Ok now I'm really confused. I went out for lunch today and my BG measured 5.1 two hours after eating and tonight at supper I had 3 slices of take out pizza and salad and it was only 5.6 (went for a walk though). 

Is it possible my pancreas has started keeping up to what baby needs? My numbers were actually on the low side all of today.


----------



## Pinkflower83

That's what happened to me last week or the week before I had 3 slices of pizza and my sugars were good. I'm still questioning how bad I have this diabetes.


----------



## readytotry

Hi,

Hope no one minds me joining in on this thread, the gd support thread I was on in my last pregnancy seems to have disappeared.

I was diagnosed two weeks ago at 14weeks!! I failed my postnatal gtt after my last baby and was told I had impaired fasting glucose but not yet type 2. So I suppose it was inevitable. I eat quite healthily anyway and am not able to diet control (got 10.7 an hour after a baked potato and salad). Now on metformin and finally starting to see my numbers come down but expect I'll need insulin before too long. It's going to be a long pregnancy...


----------



## AnakeRose

Hi! Welcome :D


----------



## Pinkflower83

Hi and welcome so sorry your going through this too. But we'll get through it together. Although I don't have far to go as I'm having a csection on Friday not due to GD but because I have a breached baby. But despite that I still intend to visit here even after I give birth because I wanna know how you ladies are doing. 

I hope you don't have to go on insulin hun!


----------



## readytotry

I'll be quite happy with insulin tbh. It'll mean I can eat more and have better control. The metformin tablets are making me feel so ill that I wouldn't mind swapping to insulin injections.


----------



## AnakeRose

The last 3 days have been very weird. My blood sugar seems to have switched to being on the low side instead of the high side. After supper last night I was reading 4.9 and that's what I usually get first thing in the morning! I'm constantly hungry and try to eat a bunch of small meals throughout the day. I thought maybe it was my test strips so I tried another tube, but I got the same reading.
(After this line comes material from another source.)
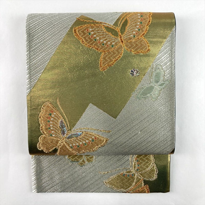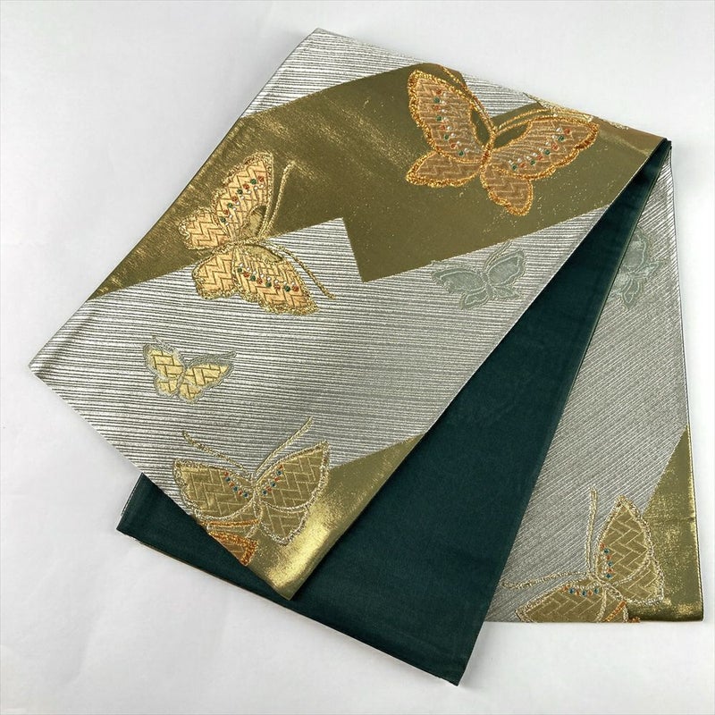 角度で蝶が浮かび上がる、奥行きのある表情が魅力。金銀の光沢が、お手元の小紋や色無地を品良くまとめてくれます。
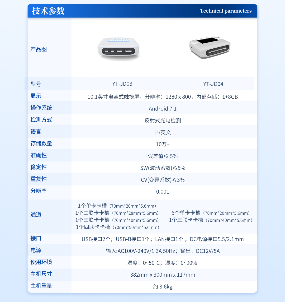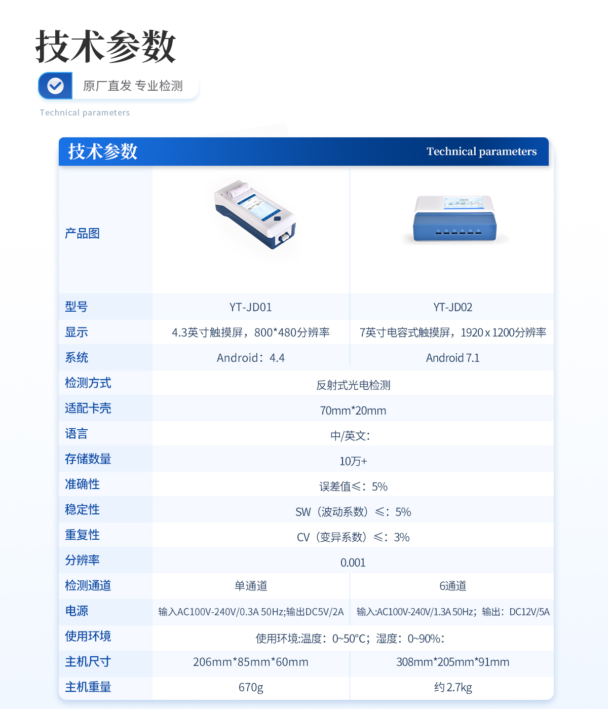 | 1、 7英寸电容式触摸屏,分辨率:1920:x:1200,内部存储:1+8GB | 2、 操作系统:Android:7.1 | 3、 检测方式:反射式光电适配卡壳:70mm*20mm | 4、 语言:中/英文: | 5、 存储数量:10万+ | 6、 准确性:误差值≤:5% | 7、 稳定性:SW(波动系数)≤5% | 8、 重复性:CV(变异系数)≤3% | 9、 分辨率:0.001 | 10、检测通道:6通道检测时间:<5秒(单卡及多联卡);可对样本进行胶体金定性/半定量检测。 | 11、数据传输:WiFi、蓝牙、USB、射频读卡、外置扫码模块(选配) | 12、数据处理:可通过通讯端口进行数据汇总、上传监管平台等 | 13、检测通道孵育检测一体,温度范围::室温:+5℃:~:60℃ | 14、打印机:热敏打印机(热敏打印纸:57*20mm) | 15、接口:USB接口:2个;USB-B接口:1个;LAN接口:1个:;DC电源接口:5.5/2.1mm | 16、电源:输入:AC100V-240V/1.3A 50Hz;输出:DC12V/5A | 17、使用环境:温度:0~50℃;湿度:0~90%: | 18、主机尺寸::308mm*205mm*91mm | 19、主机重量:约:2.7kg |

I hate the feeling of low blood sugar!

I'm just having a hard time sleeping now. I have to get up to pee at least 4 times a night.


----------



## Pinkflower83

readytotry said:


> I'll be quite happy with insulin tbh. It'll mean I can eat more and have better control. The metformin tablets are making me feel so ill that I wouldn't mind swapping to insulin injections.

Wow really? That was my biggest fear when I found out I had this was possibly having to go on insulin if I couldn't control with diet. I just can't imagine giving myself a needle! I STILL hesitate when pricking my finger to test my blood sugars. LOL I'm okay with needles if someone else does it but to myself I just get weirded out. Haha! 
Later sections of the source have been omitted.